→ Exercise requirements
What follows is a listing; repeat exactly, and only, its lines from the one holding "Размера плюс 6XL-L" through the last, leaving any pictures out.

→ Source information
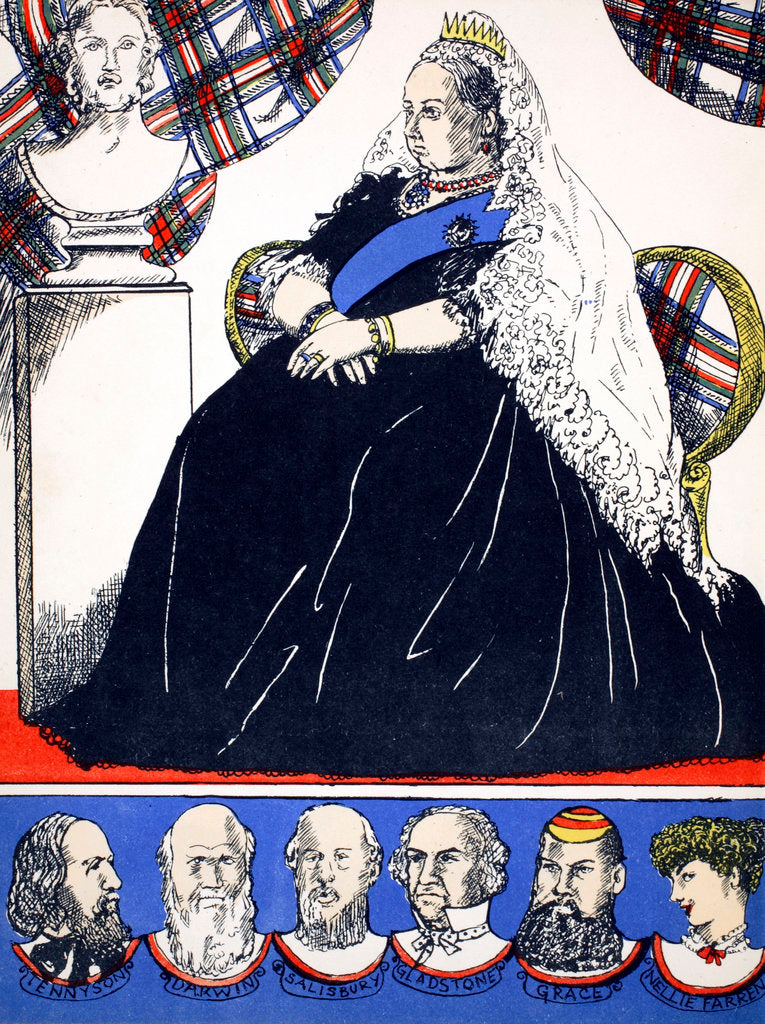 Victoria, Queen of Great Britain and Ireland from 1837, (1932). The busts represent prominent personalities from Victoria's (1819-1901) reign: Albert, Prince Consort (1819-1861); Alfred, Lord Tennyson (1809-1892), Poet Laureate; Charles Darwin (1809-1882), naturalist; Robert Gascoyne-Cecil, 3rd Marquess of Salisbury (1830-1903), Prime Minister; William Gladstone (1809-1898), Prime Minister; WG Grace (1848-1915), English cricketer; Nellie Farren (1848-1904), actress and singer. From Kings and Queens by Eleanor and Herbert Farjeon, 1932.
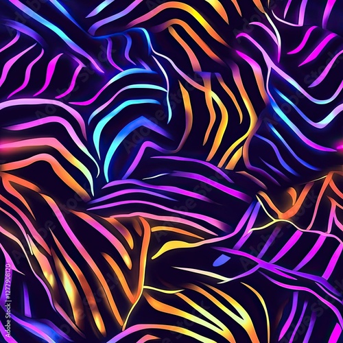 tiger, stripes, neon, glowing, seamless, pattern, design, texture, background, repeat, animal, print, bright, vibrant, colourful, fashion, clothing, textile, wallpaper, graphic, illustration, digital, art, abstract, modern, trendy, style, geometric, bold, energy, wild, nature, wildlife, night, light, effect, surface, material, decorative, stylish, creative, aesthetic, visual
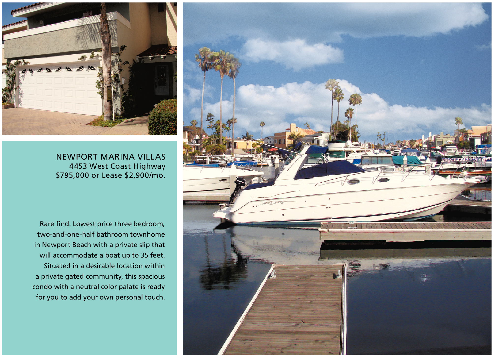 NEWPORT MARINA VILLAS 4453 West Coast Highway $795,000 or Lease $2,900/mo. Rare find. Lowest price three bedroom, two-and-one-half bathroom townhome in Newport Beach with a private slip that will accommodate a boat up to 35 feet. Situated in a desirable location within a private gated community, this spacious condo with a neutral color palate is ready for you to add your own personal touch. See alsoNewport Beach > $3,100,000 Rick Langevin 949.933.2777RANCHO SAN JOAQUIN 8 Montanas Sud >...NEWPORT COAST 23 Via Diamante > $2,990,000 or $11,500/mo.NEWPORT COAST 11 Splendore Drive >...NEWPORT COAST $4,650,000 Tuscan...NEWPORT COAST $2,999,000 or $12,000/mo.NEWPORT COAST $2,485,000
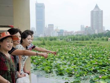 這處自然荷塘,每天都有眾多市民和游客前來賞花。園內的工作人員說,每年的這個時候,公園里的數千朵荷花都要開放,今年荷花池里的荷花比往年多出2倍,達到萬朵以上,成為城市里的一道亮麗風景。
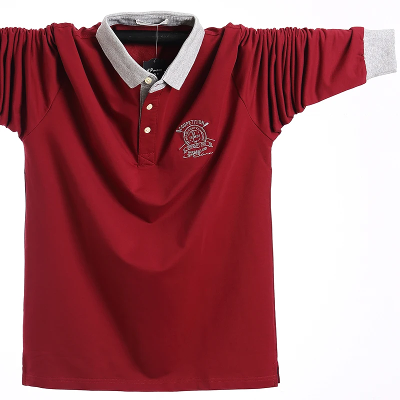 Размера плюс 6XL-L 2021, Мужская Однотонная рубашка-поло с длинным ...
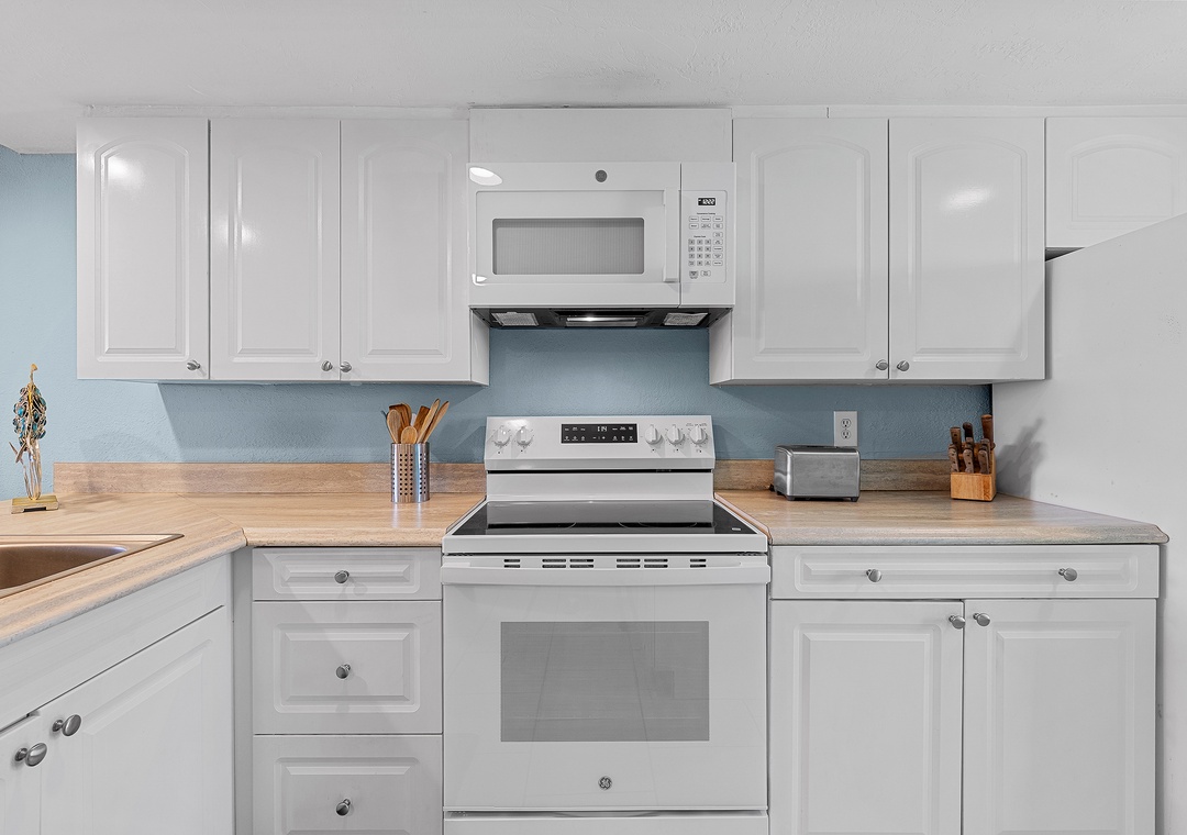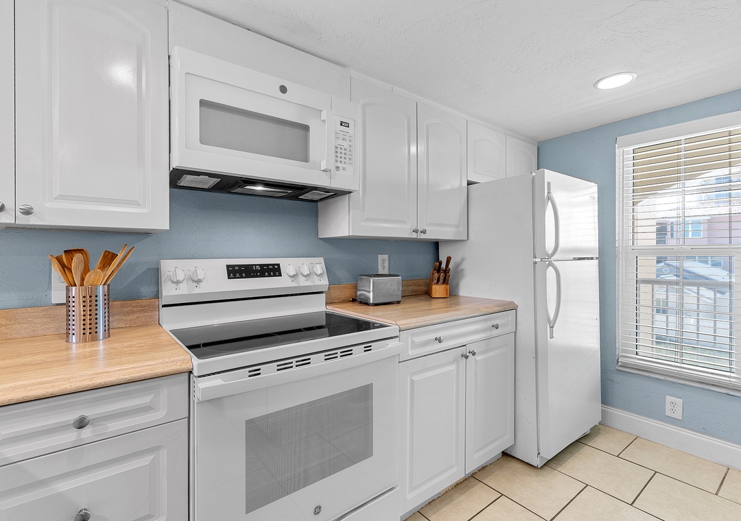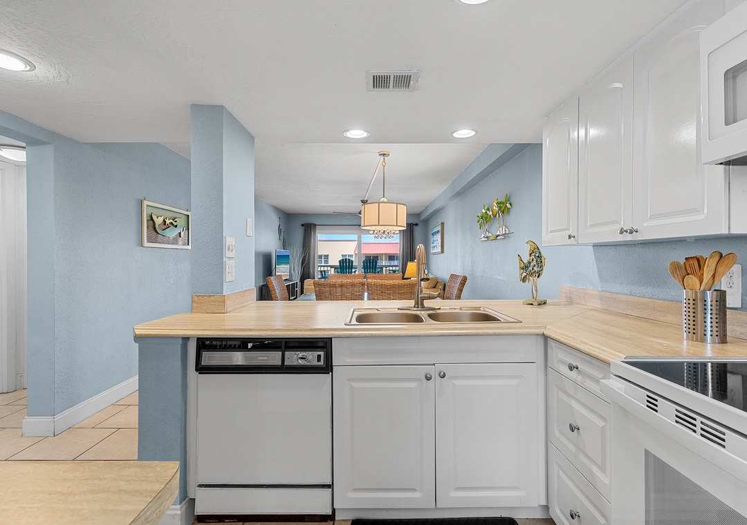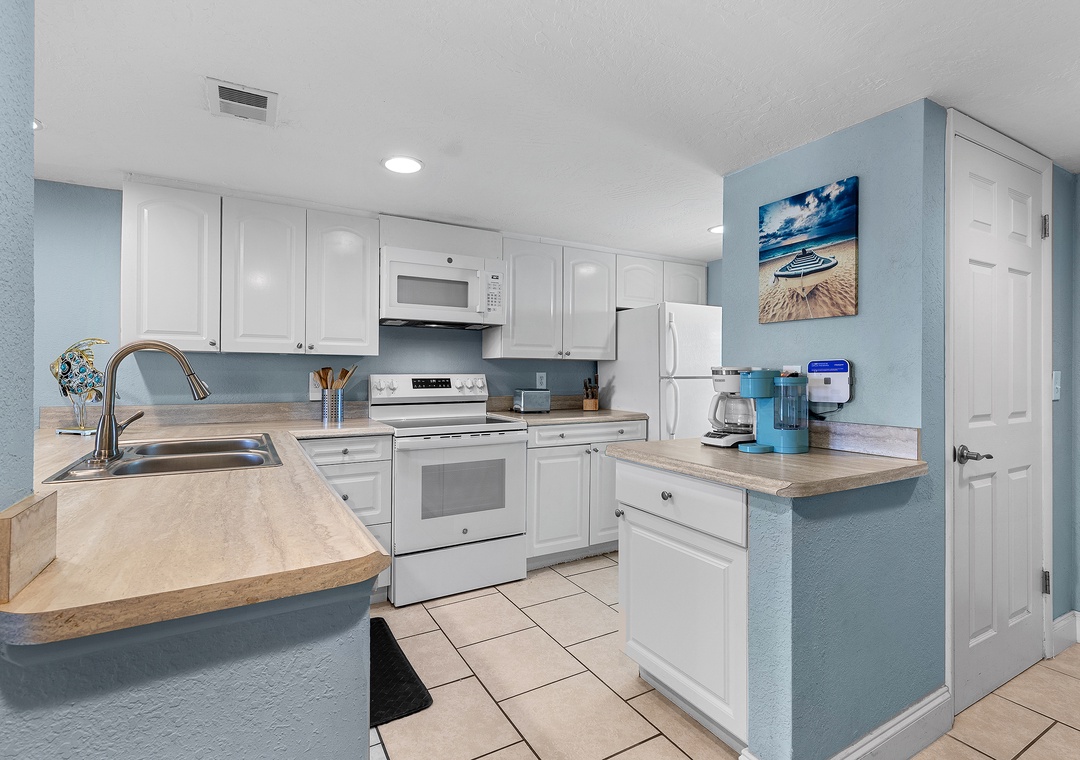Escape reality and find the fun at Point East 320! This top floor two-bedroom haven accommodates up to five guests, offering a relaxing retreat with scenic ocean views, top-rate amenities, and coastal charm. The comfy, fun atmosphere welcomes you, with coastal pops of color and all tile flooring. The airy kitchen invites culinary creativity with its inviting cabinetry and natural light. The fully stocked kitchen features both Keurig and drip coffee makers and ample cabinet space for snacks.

→ Answer to the problem
 Размера плюс 6XL-L 2021, Мужская Однотонная рубашка-поло с длинным ...
Escape reality and find the fun at Point East 320! This top floor two-bedroom haven accommodates up to five guests, offering a relaxing retreat with scenic ocean views, top-rate amenities, and coastal charm. The comfy, fun atmosphere welcomes you, with coastal pops of color and all tile flooring. The airy kitchen invites culinary creativity with its inviting cabinetry and natural light. The fully stocked kitchen features both Keurig and drip coffee makers and ample cabinet space for snacks.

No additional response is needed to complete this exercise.